The site is identified as “Block H” in a city RFP. There, the city calls for a mixed-use building up to 10 stories high with first-floor commercial uses and residential on the upper floors.

The Brindisi Towers is similar to another project proposed for the same site about a decade ago. That development never moved forward due to market conditions tied to the Great Recession, Khaligian said. This new proposal has a different developer but the same architect as the original one, he added.

A chief reason the Plan Commission is slated to review and comment on the project this week is its proposed building height, said Khaligian. The city only allows building heights of up to 100 feet for this area, so the project as it stands would require a zoning ordinance amendment.

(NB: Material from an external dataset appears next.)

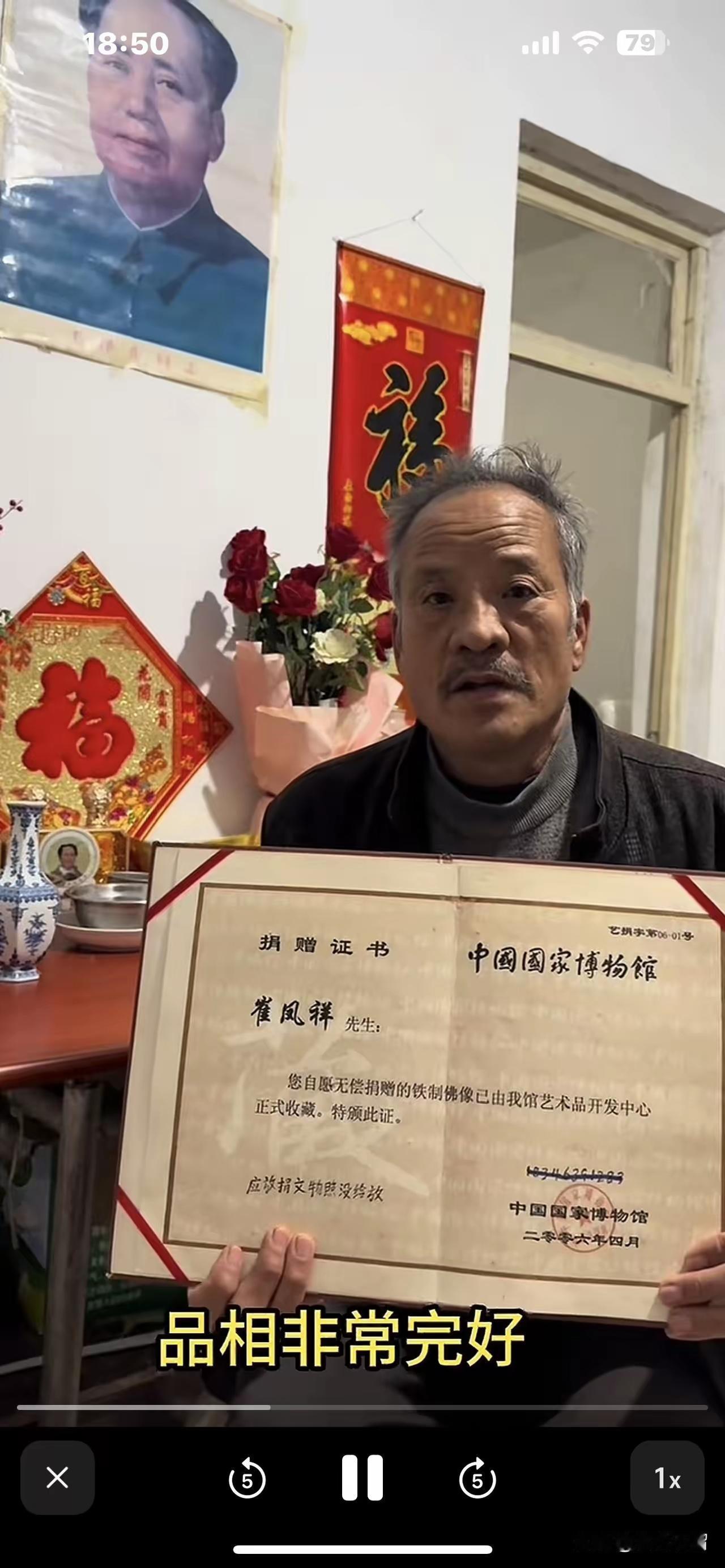 国家博物馆,你看到了吗? 图片上的这个老人叫崔凤祥,他手拿的是国博给他颁发的捐赠证书。 崔先生发视频说,2006年他向国博捐赠了一尊明代万历年间的地藏佛像,文物价值很高。他捐赠时,有侯松园等好几个人在场,并给自己颁发了图片中的捐赠证书。 2009年崔先生到国博想看看那尊地藏佛像,可是令他万万没有想到的是,仅仅时隔三年,国博陈德明主任告诉他,他捐赠的地藏佛像不在馆内,档案没有记载,让他咨询接收地藏佛像的人。 崔先生为此事向有关方面多次反映,十多年过去了,毫无结果。 国博以及有关方面,你们看到了吗?这到底咋回事儿,是不是该给公众特别是崔先生一个答复或回应?
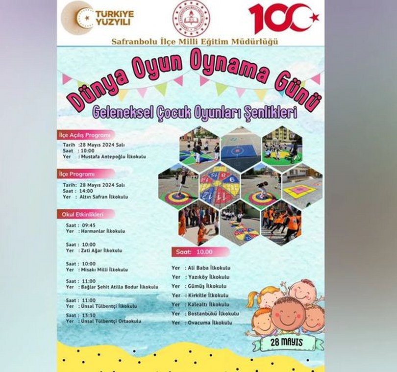 Okul bahçelerinde “Geleneksel Çocuk Oyun Alanları Ve Egzersiz Parkuru” çizimlerinin tamamlandığını belirten Safranbolu İlçe Milli Eğitim Müdürü Said Nuri Odabaşoğlu şu ifadelere yerdi: “Milli Eğitim Bakanlığımızca başlatılan proje ve bu kapsamda hazırlanan “Yüz Yüze 100 Çocuk Oyunu” adlı kılavuz ile öğrencilerimiz okul bahçelerimizde geleneksel oyunlarımızı oynamakta. Projenin amacı öğrencilerimizin ekran başında geçirdiği süreyi azaltmak ve hareketsiz bir yaşam sürmelerinin önüne geçmek. Bu kapsamda “28 Mayıs Dünya Oyun Oynama” gününde okul bahçelerimizde “Geleneksel Çocuk Oyunları Şenlikleri” programı gerçekleştirilecek. Program dahilinde okul bahçelerimizde öğrencilerimiz tarafından geleneksel oyunlarımız oynanacak. Böylelikle öğrencilerimizin bilişsel, fiziksel, sosyal ve duygusal iyi olma durumunu ve sosyal yönleri gelişecek, doğal ortamda ve okulda arkadaşlarıyla uyum içerisinde oynayarak vakitlerini daha iyi değerlendirebilecekler.” dedi.

“It’s really the first opportunity for the Plan Commission to see how it’s been modified from the original proposal and also to start a conversation on how to address the increased height,” he said.

According to the developer, the project addresses the need for luxury housing in the community.

“From a tactical perspective, ‘The Brindisi Towers’ are being built to begin addressing the significant void of mid-to-high end residential housing throughout Kenosha County,” Joseph Chrnelich, president of ARD, states in a letter to the city. “Our research and other reports clearly and convincingly show a strong and urgent demand for this level of quality residential housing.”

Chrnelich mentions in the letter that market demand comes from a number of sources, including: Illinois residents moving across the border; professionals who work in the Chicago area but prefer to live in Kenosha; employees for companies that are establishing or expanding their presence in the area, such as Pleasant Prairie-based Uline Inc., German candy manufacturer Haribo and Lincolnshire, Illinois-based Nexus Pharmaceuticals Inc.; and faculty and staff working at various universities in the greater Kenosha area.

ARD did not respond to a request for further comment.